ADTs are a way of organizing your program code that is highly modular and reusable. We will be using throughout the rest of this course (they are the “walls” aspect of our textbook).

The Definition of an ADT

The definition of ADT we’ll use is as follows:

An abstract data type (ADT) is a collection of data plus the operations on that data. ADTs separate their interface (i.e. the specification of how the programmers use them) from their implementation in a way that allows different implementations to work with the same interface.

Be careful to not to misunderstand how we use the term “interface” here: we don’t mean a graphical interface, but instead the interface to the ADT, i.e. the set of function headers that a programmer using the ADT can use.

Example. The standard int data type, plus operations like +, -, *, and / together form an ADT. You don’t need to know how ints are implemented or how the arithmetic is done in order to use them. The exact details of how ints are actually implement can — and does — vary in practice.

Example. An int on its own, without considering the operations that work on it, is not considered to be an ADT. An int on its own is just a data, and an ADT requires both data and operations that work on that data.

Example. The C++ string type is an ADT because strings combine data (a sequence of characters) and operations that work on them (like size or substr). You don’t need to know anything about the details of how a string object is implemented in order to use it. Instead, you just need to know what functions it supports and how those functions behave, i.e. the very things you will find in good string documentation.

Often, but not always, C++ string objects store their strings as array of characters (i.e. essentially C-style strings) plus some extra bookkeeping information. But there’s no requirement for strings to be implemented that way, and, in fact, in practice you can find alternative implementations (such as ropes).

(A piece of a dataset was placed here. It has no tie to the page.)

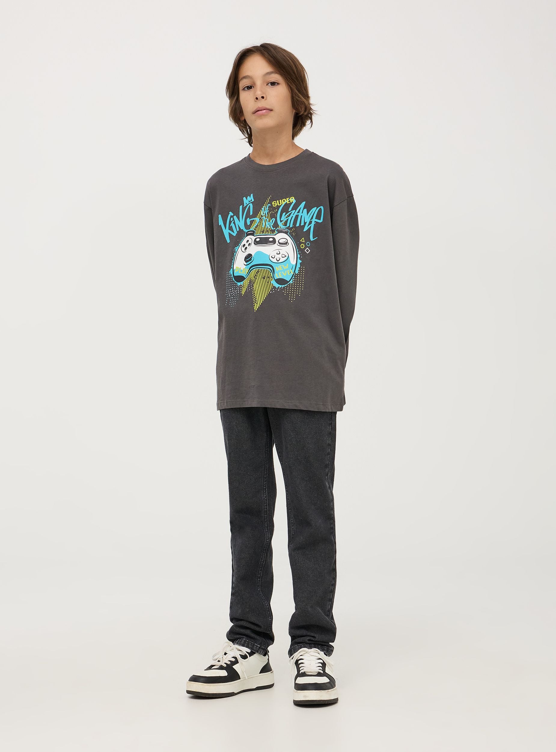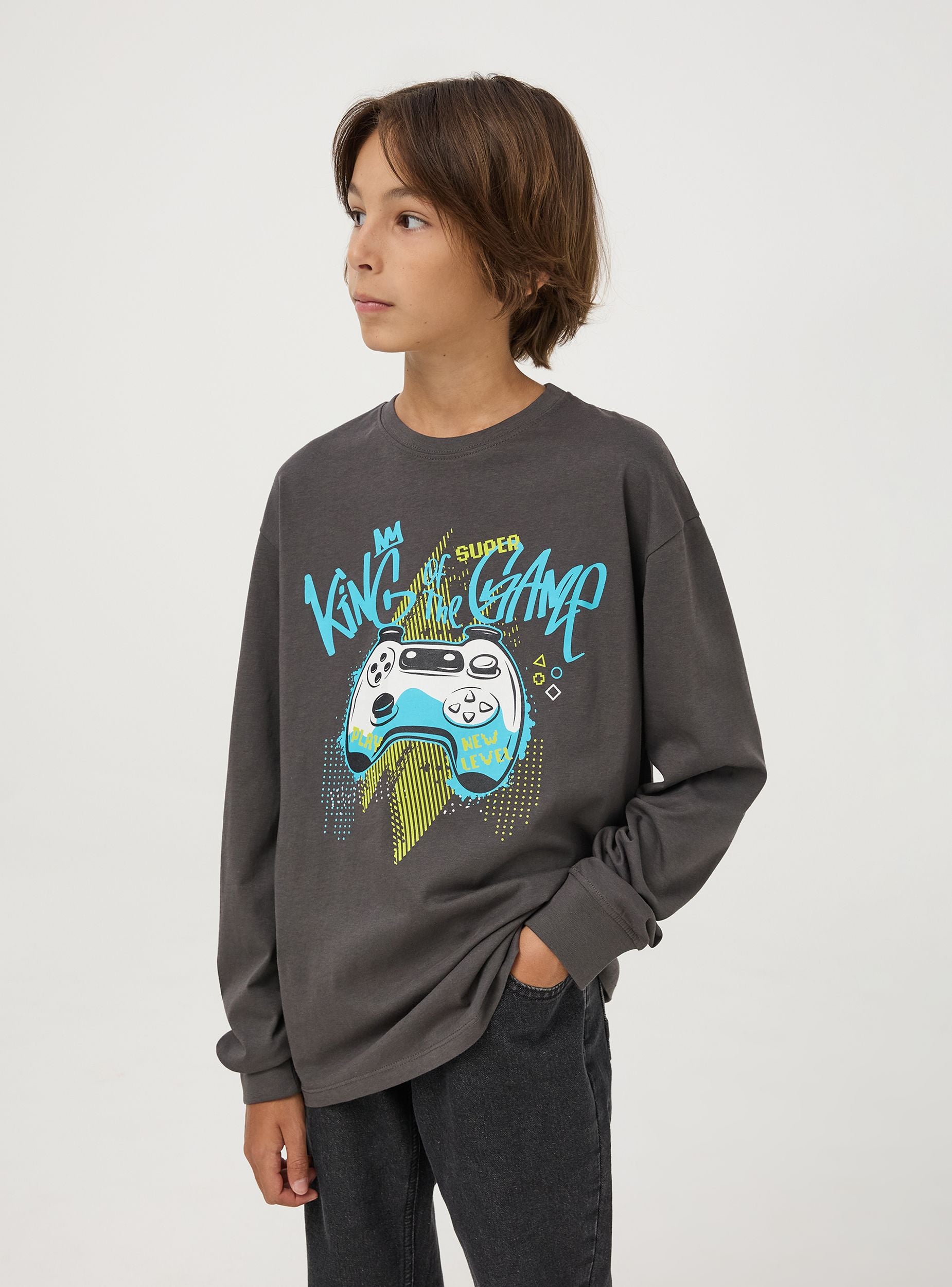 Long-sleeved t-shirt for children with a vibrant central print "King of the Game". The graphic features a game controller. The garment offers a comfortable and casual fit, perfect for leisure time and school days.Details

Example. A C-style array is generally not considered to be an ADT because it just stores data and does not specify the operations that work on it (beyond a few simple, low-level operations such as indexing).

Designing an ADT: A List

Imagine you are writing a program (perhaps a smartphone app) that stores a shopping list like this:

apples
milk
diapers
fruit cups

Just by thinking about how we use a shopping list, we can think of some operations that might be useful to perform on it:

  • Add an item to the list. Usually, we just add items to the end of a list because inserting items written on paper is difficult. However, on a computer inserting an item at any particular position is both possible and convenient for users.
  • Cross an item off the list.
  • Count the number of items on the list (do you need to get lots of things, or only a few things?).

This informal thinking about a list is important and useful, and usually how you start designing an ADT.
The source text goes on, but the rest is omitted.